From the line with "Magnolia pink blossom" to the line with "浅オレンジ色60cm角テーブル+2レザー椅子", output every line below exactly, both ends included. Skip the pictures.

(Data to examine)

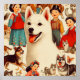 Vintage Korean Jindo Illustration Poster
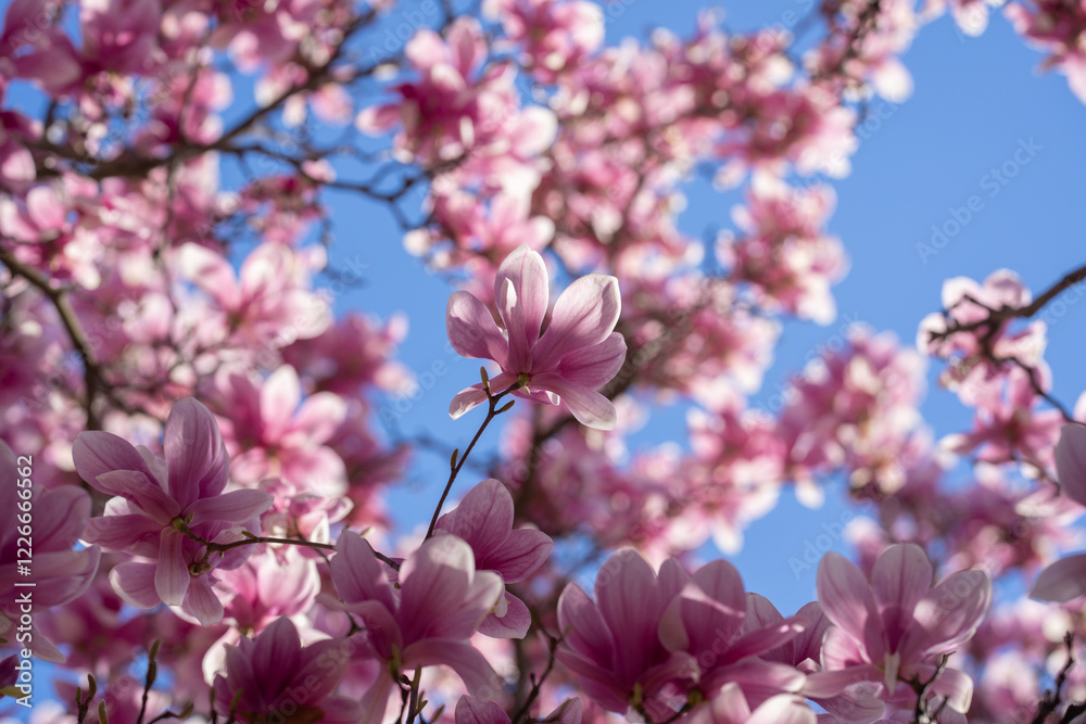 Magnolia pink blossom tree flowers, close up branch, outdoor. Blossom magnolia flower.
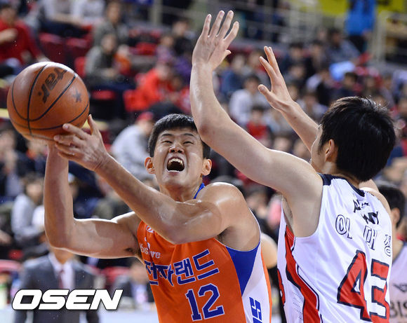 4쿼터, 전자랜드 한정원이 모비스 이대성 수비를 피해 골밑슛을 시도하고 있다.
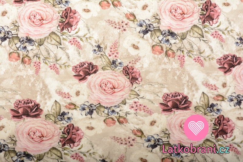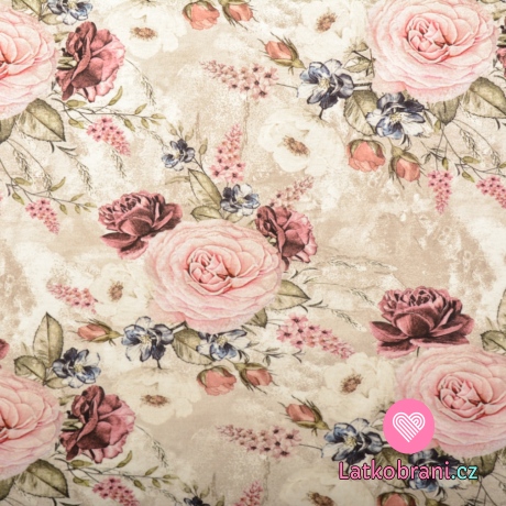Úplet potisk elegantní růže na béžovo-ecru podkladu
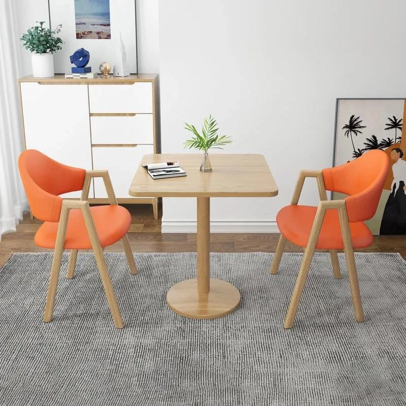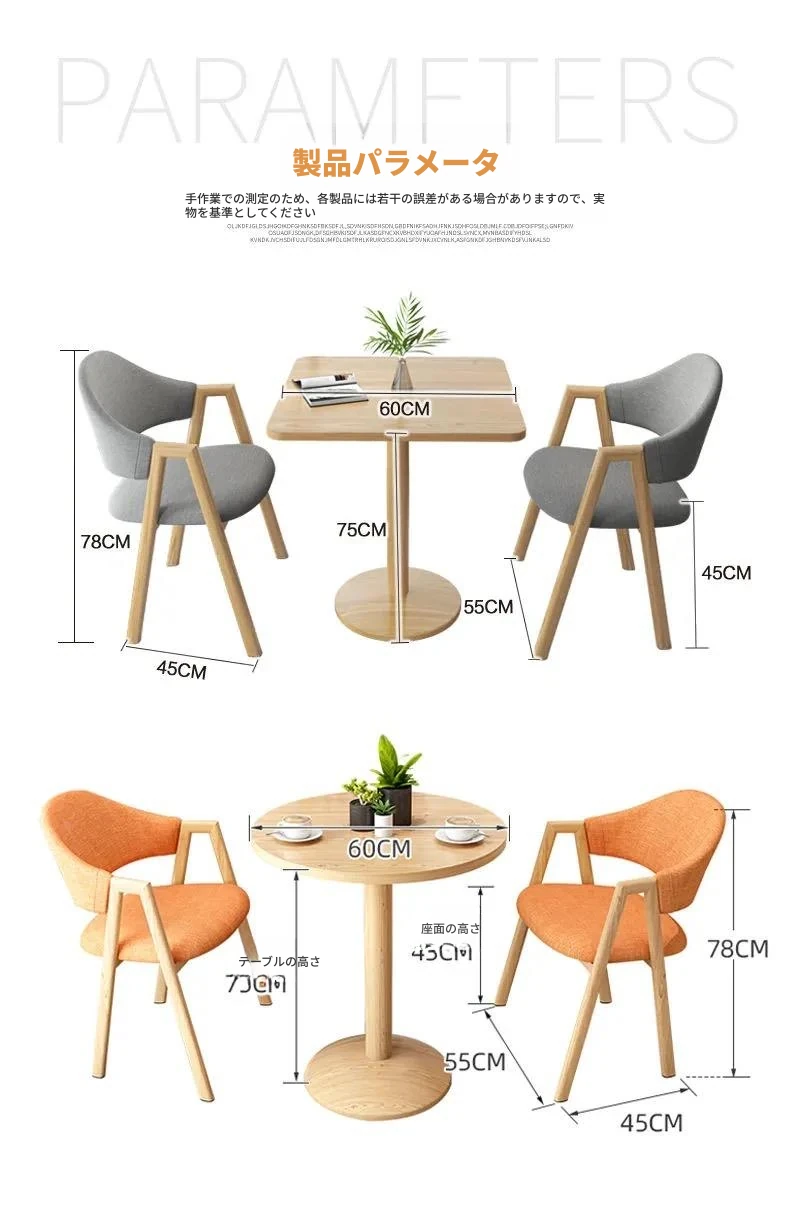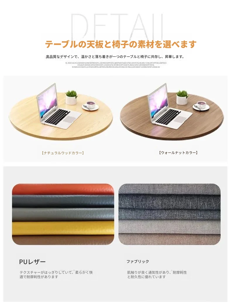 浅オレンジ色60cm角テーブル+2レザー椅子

(End Data to examine)
(Data to examine)

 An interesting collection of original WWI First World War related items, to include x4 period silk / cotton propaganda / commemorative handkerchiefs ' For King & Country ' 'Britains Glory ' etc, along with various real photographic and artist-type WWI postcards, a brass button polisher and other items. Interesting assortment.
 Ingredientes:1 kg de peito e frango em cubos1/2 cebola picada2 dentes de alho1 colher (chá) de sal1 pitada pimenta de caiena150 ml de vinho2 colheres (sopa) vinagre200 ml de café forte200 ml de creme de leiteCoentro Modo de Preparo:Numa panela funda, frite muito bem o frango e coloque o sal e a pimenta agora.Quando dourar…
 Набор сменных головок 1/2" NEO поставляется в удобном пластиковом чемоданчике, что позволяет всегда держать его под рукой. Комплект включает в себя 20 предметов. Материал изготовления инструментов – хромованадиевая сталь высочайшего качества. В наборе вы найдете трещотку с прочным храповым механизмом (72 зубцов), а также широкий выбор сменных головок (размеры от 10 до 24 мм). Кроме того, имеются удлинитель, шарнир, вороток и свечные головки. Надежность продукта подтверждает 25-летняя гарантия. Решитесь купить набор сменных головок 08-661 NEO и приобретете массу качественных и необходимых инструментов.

(End Data to examine)
(Data to examine)

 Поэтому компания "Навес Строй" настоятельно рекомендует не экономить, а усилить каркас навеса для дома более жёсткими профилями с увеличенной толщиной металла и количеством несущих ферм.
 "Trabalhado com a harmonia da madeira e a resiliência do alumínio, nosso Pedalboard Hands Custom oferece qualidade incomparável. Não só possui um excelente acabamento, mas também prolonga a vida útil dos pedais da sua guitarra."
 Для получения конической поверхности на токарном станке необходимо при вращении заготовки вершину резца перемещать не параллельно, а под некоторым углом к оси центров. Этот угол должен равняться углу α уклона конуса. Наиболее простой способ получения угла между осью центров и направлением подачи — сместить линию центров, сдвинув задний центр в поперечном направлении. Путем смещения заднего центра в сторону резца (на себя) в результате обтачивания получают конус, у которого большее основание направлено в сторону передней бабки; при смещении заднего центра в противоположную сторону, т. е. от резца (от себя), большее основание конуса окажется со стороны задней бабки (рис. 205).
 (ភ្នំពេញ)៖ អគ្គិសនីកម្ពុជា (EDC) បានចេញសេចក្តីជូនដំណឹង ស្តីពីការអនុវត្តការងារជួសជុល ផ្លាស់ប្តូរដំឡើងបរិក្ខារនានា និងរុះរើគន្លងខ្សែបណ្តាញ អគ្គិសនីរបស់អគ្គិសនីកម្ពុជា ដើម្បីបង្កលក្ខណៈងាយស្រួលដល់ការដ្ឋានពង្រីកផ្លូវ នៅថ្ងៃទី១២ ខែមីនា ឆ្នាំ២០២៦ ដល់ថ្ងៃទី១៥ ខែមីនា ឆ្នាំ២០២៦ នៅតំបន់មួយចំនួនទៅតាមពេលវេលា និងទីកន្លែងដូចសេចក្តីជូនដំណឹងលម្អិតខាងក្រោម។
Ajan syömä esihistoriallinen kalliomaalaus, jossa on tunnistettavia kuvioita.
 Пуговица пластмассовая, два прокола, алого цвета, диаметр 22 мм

(End Data to examine)

* [Output of the exercise]:
 Magnolia pink blossom tree flowers, close up branch, outdoor. Blossom magnolia flower.
 4쿼터, 전자랜드 한정원이 모비스 이대성 수비를 피해 골밑슛을 시도하고 있다.
Úplet potisk elegantní růže na béžovo-ecru podkladu
 浅オレンジ色60cm角テーブル+2レザー椅子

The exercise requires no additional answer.